Written by: Charles Weaver – CEO, MSPAlliance
For years MSPAlliance has been advocating for MSPs to become more diligent in their enforcement of proactive and secure IT management policies. I have even gone as far as to suggest that legal liability could begin to attach itself to bad IT management practices. Well, the theoretical is now a reality.
Shareholders of Equifax have sued the company for substandard IT management practices, which are alleged to have caused the massive data breach announced in 2017.
The Equifax breach has already prompted a $425 million fine from the FTC.
What Went Wrong?
Besides the data breach, which was the apparent manifestation of the problem, there was an apparent technical problem that could have prevented the breach in the first place.
When hackers take extraordinary actions to circumvent IT security, there is not a lot that can be done to stop these types of breaches from happening. However, when it is such a glaring hole in the security or IT process of the company, then scrutiny will follow. And, that is precisely what is happening here.
“Equifax employed the username ‘admin’ and the password ‘admin’ to protect a portal used to manage credit disputes, a password that ‘is a surefire way to get hacked,’” the lawsuit reads.
“Equifax’s cybersecurity was dangerously deficient,” the court said. “The company relied on a single individual to manually implement its patching process across its entire network.”
So, what does all this mean for MSPs? Well, if you happen to be an MSP Verified company, you probably don’t have much to worry about. You are already addressing those critical issues Equifax missed.

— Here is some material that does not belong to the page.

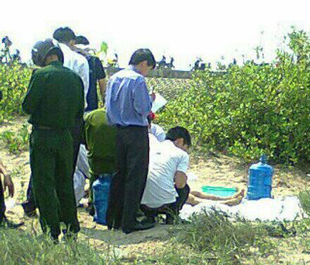 Trên người nạn nhân chỉ mặc áo sơ mi và quần lót, mặt phủ đầy cát và che đi bằng một chiếc áo thể thao màu đỏ, trong túi áo có hai cái khẩu trang, chân đi dép tổ ong.

1) Effective password management
2) Limited use of administrator access accounts
3) Oversight of internal patch management processes
What this means for everyday MSPs is to be on your guard! Equifax is getting attention because of the size and breadth of the data breach. But, make no mistake that the shareholders suing for harm to their stock values is going to resonate. Do not be surprised if we start to see lawsuits challenging end-user IT policies.
This raises several issues related to the precise role of the MSP, whether they offered a service that was declined, whether best practices were followed, etc. My point in writing this article is twofold; first, here is a major lawsuit involving a large company dealing with what is an IT service process. Second, I hope MSPs take this to heart and begin talking with their customers about how to avoid being involved in lawsuits. Especially lawsuits which could have been prevented had they only listened to their MSP!